Aedes eidsvoldensis

Scientific classification
- Kingdom: Animalia
- Phylum: Arthropoda
- Class: Insecta
- Order: Diptera
- Family: Culicidae
- Genus: Aedes
- Subgenus: Ochlerotatus
- Species: A. eidsvoldensis
- Binomial name: Aedes eidsvoldensis Mackerras, 1927

= Aedes eidsvoldensis =

- Genus: Aedes
- Species: eidsvoldensis
- Authority: Mackerras, 1927

Species of mosquito

Aedes eidsvoldensis is a species of mosquito in the genus Aedes. Larvae are found in ground pools, and adults bite humans readily. They can be pests in arid regions.

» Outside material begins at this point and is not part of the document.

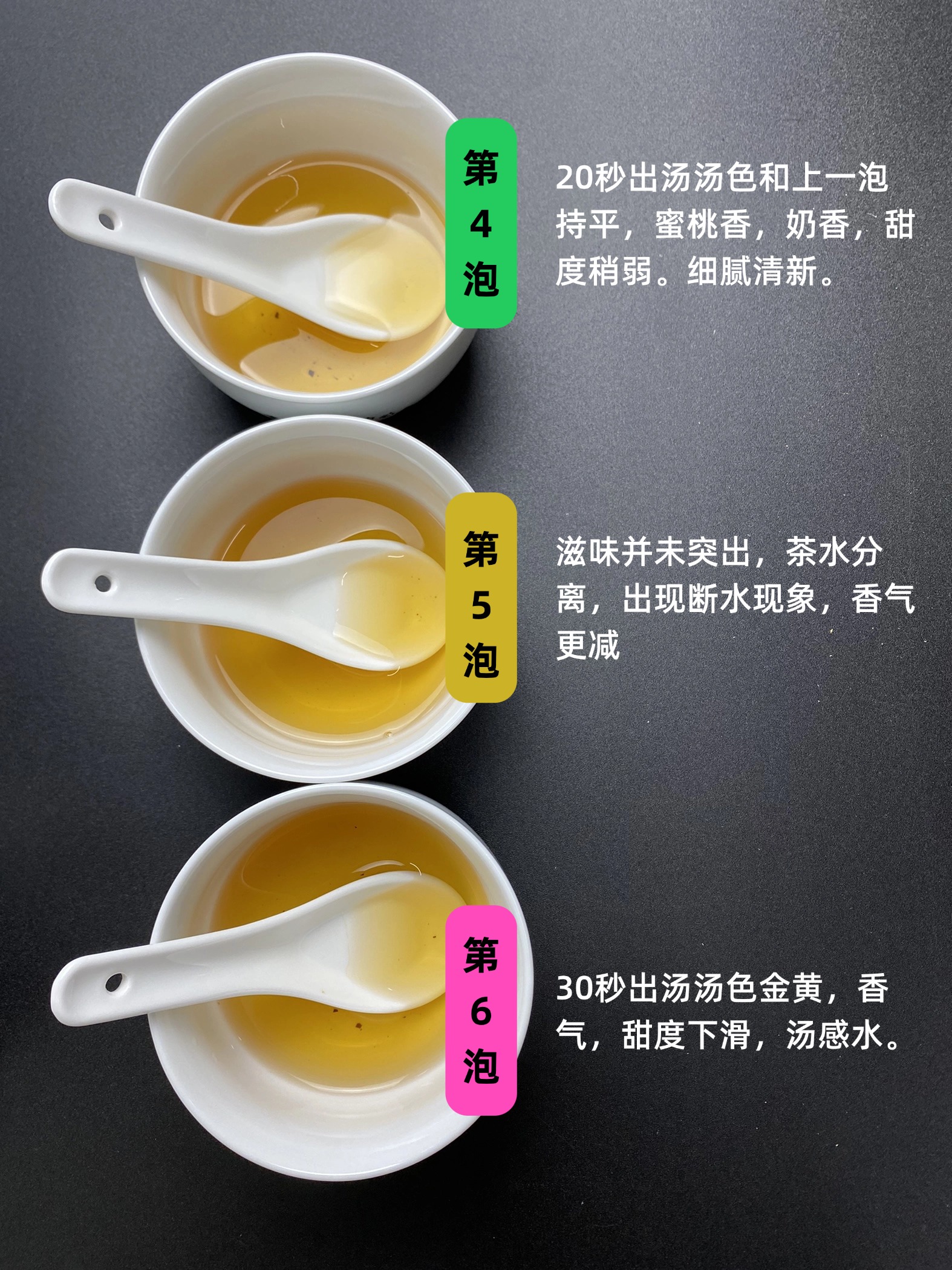 第四泡,20秒出汤汤色和上一泡持平,蜜桃香,奶香,甜度稍弱。细腻清新。

A. eidsvoldensis may be capable of supporting the replication of MVEv, but it is unknown to be a vector.

== Description ==
The head is narrow with golden scales on the vertex, dark scales on the sides. Wings have narrow pale scales, and the abdomen has small creamy gold scales with basal white bands.

== Taxonomy ==
A. eidsvoldensis was described originally as a form of Aedes theobaldi, and was referred to as possibly being a distinct species, but due to its closeness to A. theobaldi and the fact that there was only one specimen Mackerras described it as a form.